** Supplied material **
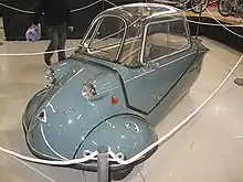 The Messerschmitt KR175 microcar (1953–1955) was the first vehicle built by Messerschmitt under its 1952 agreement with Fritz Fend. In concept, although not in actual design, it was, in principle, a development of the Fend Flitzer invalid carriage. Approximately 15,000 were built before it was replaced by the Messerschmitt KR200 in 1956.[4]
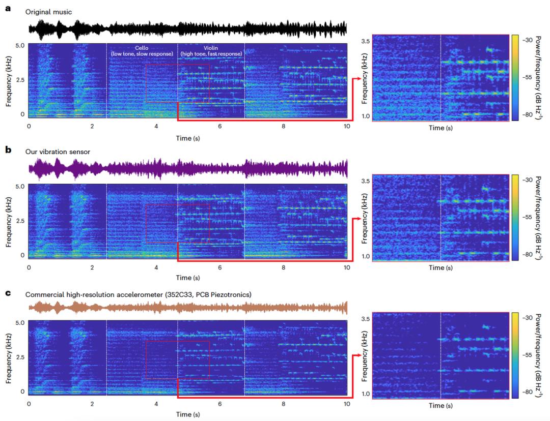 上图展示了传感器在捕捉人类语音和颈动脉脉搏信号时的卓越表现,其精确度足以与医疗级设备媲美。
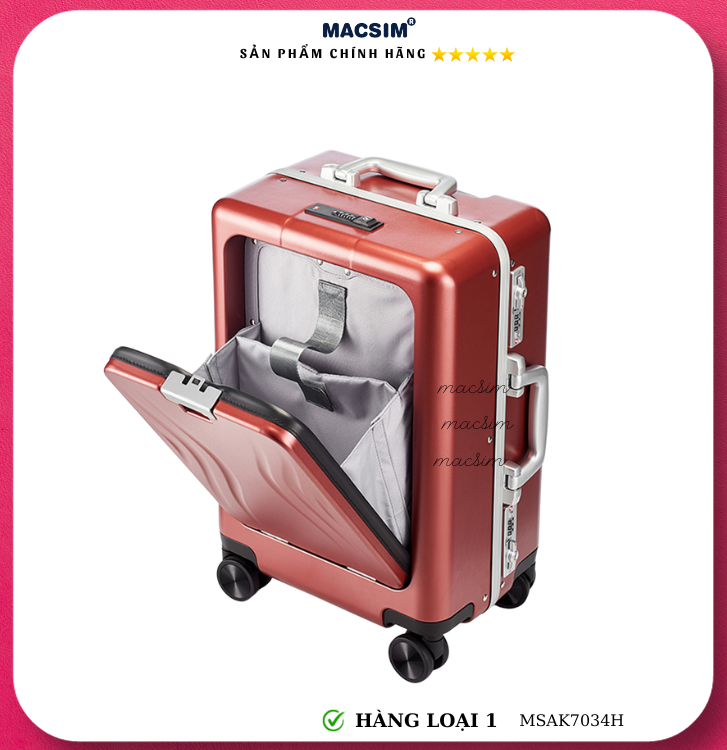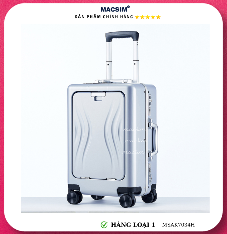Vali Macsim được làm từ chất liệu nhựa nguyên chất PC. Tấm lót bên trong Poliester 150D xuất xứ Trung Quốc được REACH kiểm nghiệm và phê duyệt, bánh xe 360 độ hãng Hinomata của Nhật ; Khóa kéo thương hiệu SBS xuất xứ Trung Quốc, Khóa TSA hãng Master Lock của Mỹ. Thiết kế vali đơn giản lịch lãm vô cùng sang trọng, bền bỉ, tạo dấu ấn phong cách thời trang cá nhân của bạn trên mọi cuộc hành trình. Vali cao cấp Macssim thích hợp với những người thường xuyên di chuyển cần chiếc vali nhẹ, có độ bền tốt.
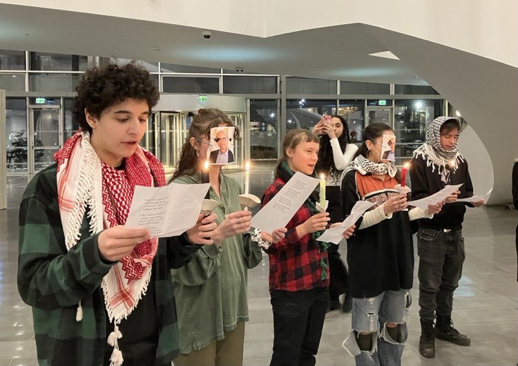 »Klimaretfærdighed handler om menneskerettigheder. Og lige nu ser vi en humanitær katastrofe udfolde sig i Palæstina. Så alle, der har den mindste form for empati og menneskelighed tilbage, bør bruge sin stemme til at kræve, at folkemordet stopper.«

** Assigned task **
Return a verbatim transcription of the data, omitting all images.

** Answer to the problem **
 The Messerschmitt KR175 microcar (1953–1955) was the first vehicle built by Messerschmitt under its 1952 agreement with Fritz Fend. In concept, although not in actual design, it was, in principle, a development of the Fend Flitzer invalid carriage. Approximately 15,000 were built before it was replaced by the Messerschmitt KR200 in 1956.[4]
 上图展示了传感器在捕捉人类语音和颈动脉脉搏信号时的卓越表现,其精确度足以与医疗级设备媲美。
Vali Macsim được làm từ chất liệu nhựa nguyên chất PC. Tấm lót bên trong Poliester 150D xuất xứ Trung Quốc được REACH kiểm nghiệm và phê duyệt, bánh xe 360 độ hãng Hinomata của Nhật ; Khóa kéo thương hiệu SBS xuất xứ Trung Quốc, Khóa TSA hãng Master Lock của Mỹ. Thiết kế vali đơn giản lịch lãm vô cùng sang trọng, bền bỉ, tạo dấu ấn phong cách thời trang cá nhân của bạn trên mọi cuộc hành trình. Vali cao cấp Macssim thích hợp với những người thường xuyên di chuyển cần chiếc vali nhẹ, có độ bền tốt.
 »Klimaretfærdighed handler om menneskerettigheder. Og lige nu ser vi en humanitær katastrofe udfolde sig i Palæstina. Så alle, der har den mindste form for empati og menneskelighed tilbage, bør bruge sin stemme til at kræve, at folkemordet stopper.«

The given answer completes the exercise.